Getting a good result in an employment tribunal is one of the most satisfying parts of my job, so it pains me to say that an employment tribunal hearing is not an experience that I would wish upon any employer. It is a tiring, draining and fundamentally risky place to be for any employer.

I have a lot of experience of representing employers in employment tribunals, and I am often asked whether employment tribunals are biased against employers (or indeed I may be told that they are). But this is a misconception (and yes it is therefore wrong).

Yes, there are judges and tribunal members who are more likely to look at things from an employee’s perspective, but the opposite is equally true. Having said that, an employment tribunal’s decision is as likely to turn on believability (even likeability) of a witness as much as on the evidence, and the mood in a hearing can change like the wind. That is one reason why it is so important to have legal representation at the hearing and throughout the process, even though sometimes even that won’t be enough. Ultimately though, with the right preparation most employment tribunals will get it right most of the time.

The difficulty is that it is impossible to predict with certainty how things will go on the day.

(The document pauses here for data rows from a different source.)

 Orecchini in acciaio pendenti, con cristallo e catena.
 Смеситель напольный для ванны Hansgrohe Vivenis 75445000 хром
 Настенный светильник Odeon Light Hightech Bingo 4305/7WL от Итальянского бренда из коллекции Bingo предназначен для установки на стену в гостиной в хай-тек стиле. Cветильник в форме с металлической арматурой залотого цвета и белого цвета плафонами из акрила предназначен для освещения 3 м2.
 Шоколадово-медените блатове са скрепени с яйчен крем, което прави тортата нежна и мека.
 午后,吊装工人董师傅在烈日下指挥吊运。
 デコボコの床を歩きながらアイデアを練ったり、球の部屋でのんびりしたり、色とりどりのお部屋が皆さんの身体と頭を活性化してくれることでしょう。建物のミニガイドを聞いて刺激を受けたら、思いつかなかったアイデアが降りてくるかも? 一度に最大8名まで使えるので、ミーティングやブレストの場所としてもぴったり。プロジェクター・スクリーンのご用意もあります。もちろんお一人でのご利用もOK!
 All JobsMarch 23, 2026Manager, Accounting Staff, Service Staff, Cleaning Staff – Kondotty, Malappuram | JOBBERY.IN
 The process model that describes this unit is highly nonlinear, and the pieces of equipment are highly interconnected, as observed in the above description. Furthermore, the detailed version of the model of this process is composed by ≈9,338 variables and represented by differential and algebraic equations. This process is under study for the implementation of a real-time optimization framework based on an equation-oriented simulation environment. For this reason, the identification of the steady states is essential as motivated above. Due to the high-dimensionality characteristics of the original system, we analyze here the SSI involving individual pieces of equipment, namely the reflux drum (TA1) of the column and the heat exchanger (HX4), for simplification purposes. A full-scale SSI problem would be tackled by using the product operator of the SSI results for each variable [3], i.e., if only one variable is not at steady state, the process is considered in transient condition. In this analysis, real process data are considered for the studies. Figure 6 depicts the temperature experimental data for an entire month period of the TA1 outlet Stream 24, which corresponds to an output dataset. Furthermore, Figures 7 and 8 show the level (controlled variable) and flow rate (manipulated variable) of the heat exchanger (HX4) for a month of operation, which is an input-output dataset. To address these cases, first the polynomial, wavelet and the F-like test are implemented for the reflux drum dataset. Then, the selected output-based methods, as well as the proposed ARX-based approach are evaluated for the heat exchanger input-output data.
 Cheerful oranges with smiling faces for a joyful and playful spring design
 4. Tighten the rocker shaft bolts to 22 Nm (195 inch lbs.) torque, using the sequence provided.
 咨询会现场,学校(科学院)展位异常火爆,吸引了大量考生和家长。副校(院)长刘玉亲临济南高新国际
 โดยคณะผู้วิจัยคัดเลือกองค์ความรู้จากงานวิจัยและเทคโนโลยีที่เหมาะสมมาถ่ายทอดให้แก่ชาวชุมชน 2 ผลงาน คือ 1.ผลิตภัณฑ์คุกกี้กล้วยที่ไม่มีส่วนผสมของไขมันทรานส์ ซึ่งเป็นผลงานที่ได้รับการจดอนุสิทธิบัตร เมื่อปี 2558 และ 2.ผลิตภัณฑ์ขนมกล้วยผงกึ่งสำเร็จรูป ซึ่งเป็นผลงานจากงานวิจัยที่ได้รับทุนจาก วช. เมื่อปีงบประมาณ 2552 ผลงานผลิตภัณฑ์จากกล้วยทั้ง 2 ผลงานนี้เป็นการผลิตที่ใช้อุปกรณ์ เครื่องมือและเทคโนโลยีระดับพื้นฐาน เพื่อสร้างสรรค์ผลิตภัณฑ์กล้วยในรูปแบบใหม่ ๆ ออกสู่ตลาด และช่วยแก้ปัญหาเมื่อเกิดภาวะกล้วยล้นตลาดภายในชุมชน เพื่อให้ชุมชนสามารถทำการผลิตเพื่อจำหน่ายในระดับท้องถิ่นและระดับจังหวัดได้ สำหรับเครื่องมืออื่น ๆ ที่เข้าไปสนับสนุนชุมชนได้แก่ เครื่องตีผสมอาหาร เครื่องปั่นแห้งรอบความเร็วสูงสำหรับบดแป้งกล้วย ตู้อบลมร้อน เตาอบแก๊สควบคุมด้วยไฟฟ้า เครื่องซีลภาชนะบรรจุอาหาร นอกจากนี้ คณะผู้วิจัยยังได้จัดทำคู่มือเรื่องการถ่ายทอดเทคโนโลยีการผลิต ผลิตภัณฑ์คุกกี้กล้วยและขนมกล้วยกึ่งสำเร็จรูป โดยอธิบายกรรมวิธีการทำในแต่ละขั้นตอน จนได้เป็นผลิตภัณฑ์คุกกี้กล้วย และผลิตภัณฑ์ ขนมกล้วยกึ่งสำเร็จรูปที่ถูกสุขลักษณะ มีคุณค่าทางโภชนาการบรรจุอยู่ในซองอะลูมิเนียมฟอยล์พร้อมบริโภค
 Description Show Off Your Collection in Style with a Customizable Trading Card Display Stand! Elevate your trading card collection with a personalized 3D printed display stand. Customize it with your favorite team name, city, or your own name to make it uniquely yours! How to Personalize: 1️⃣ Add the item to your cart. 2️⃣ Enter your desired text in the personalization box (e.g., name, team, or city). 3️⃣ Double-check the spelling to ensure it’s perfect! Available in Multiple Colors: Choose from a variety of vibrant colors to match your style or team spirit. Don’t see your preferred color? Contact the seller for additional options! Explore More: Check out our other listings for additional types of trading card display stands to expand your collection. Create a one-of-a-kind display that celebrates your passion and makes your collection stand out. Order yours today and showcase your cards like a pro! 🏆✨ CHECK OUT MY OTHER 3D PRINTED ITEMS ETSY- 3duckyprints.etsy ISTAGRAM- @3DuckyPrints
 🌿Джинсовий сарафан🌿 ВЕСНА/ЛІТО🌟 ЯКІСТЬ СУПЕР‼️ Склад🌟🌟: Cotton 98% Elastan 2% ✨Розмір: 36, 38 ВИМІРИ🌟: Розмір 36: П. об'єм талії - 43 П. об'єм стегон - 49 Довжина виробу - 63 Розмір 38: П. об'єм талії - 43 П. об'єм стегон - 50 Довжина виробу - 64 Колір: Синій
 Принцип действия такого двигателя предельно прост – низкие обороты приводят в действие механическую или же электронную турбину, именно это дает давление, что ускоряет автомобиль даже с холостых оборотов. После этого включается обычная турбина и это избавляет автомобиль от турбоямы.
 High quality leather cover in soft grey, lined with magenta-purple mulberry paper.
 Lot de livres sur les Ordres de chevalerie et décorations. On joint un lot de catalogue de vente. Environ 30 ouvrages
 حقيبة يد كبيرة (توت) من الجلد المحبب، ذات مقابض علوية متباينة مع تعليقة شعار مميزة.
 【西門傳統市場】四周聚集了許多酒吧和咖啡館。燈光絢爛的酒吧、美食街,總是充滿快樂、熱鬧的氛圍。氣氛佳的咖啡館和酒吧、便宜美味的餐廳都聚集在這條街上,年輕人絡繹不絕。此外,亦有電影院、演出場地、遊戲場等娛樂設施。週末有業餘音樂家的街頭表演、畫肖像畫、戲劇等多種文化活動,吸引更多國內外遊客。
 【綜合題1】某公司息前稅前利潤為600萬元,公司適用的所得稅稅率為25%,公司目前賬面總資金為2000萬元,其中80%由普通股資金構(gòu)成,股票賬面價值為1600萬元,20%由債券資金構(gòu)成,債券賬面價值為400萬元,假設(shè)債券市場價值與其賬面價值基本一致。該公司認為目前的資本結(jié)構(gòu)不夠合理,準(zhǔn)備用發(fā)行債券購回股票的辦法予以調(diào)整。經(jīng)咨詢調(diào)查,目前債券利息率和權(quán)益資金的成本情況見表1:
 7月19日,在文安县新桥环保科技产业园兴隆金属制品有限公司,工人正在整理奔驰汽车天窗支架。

How things should go, is not the same as how they will go. This is not so bad for the Claimants (employees) who have little or nothing to lose and are often without legal representation. The employer on the other hand will have incurred legal costs, loss of management time, and reduced productivity… even if they win. So the risk and the cost often rest wholly with the employer. So, do you feel lucky?

It is for this reason that you could say that the system is loaded against the employer, who has no choice but to incur time and expense in defending a claim, and to that extent you could say that the system is biased against employers. So maybe that is a misconception that is right? (sic)

What are your experiences of unpredictable employment tribunals? Please share your stories here.

Under Construction!

Hello. Welcome to employment law sense check, where I hope to help business leaders, managers, and HR Professionals cut through some of the less appealling; confusing; or just plain wrong ideas about UK employment law.